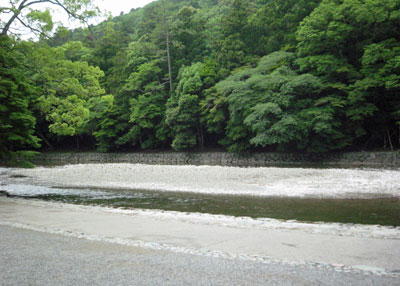五十鈴川には白い石がたくさんありました。この石を拾って神社の周囲に敷いてるそうです。
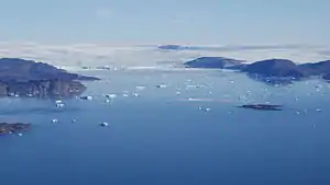 Nuussuaq Peninsula defines the southern and southeastern limit of Inussulik Bay.[1] Two other peninsulas of mainland Greenland extend into the bay: Sanningassorsuaq Peninsula and Illulissuaq Peninsula, bracing the small inlet at the far end of the bay from the north and south, respectively. The farthest inlet of the bay is choked with icebergs calving off the Illullip Sermia glacier.[1]
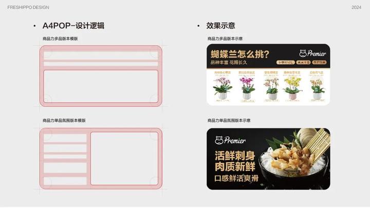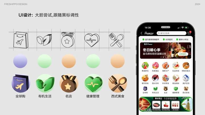 如果你在盒马Premier的配送范围,在盒马APP上还有专门的入口页面。线上部分主要介绍会场视觉体系的一些应用规范和UI方面的一些探索。
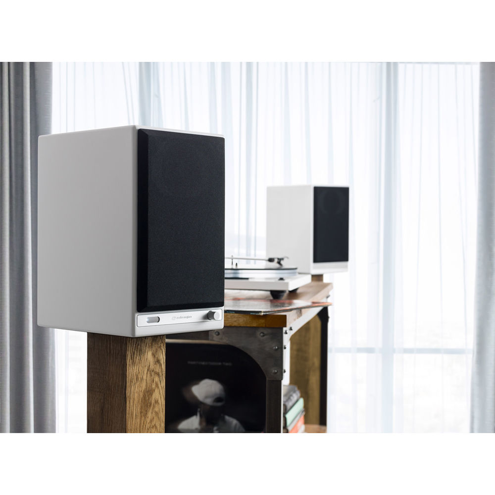 Designed to connect to virtually any device, the hi-gloss white Audioengine HD6 Bluetooth Speakers provide an analog RCA stereo input, an optical audio input, and 1/8" input, and Bluetooth connectivity with aptX HD allows for wireless connectivity with your compatible devices. The speakers consist of a 5.5" woofer and a 1" tweeter and output up to 50W per channel RMS, or 75W per channel peak. For your convenience, all connectivity is via the powered left speaker, which connects to the passive right speaker with the included speaker wire. In addition to the included speaker wire, an 1/8" audio cable, RCA audio cable, magnetic removable grilles, and IR remote are also included.

◆ Task prompt: Only the pictures are to be left out; all other material is to be output exactly.

◆ Response for this exercise:
五十鈴川には白い石がたくさんありました。この石を拾って神社の周囲に敷いてるそうです。
 Nuussuaq Peninsula defines the southern and southeastern limit of Inussulik Bay.[1] Two other peninsulas of mainland Greenland extend into the bay: Sanningassorsuaq Peninsula and Illulissuaq Peninsula, bracing the small inlet at the far end of the bay from the north and south, respectively. The farthest inlet of the bay is choked with icebergs calving off the Illullip Sermia glacier.[1]
 如果你在盒马Premier的配送范围,在盒马APP上还有专门的入口页面。线上部分主要介绍会场视觉体系的一些应用规范和UI方面的一些探索。
 Designed to connect to virtually any device, the hi-gloss white Audioengine HD6 Bluetooth Speakers provide an analog RCA stereo input, an optical audio input, and 1/8" input, and Bluetooth connectivity with aptX HD allows for wireless connectivity with your compatible devices. The speakers consist of a 5.5" woofer and a 1" tweeter and output up to 50W per channel RMS, or 75W per channel peak. For your convenience, all connectivity is via the powered left speaker, which connects to the passive right speaker with the included speaker wire. In addition to the included speaker wire, an 1/8" audio cable, RCA audio cable, magnetic removable grilles, and IR remote are also included.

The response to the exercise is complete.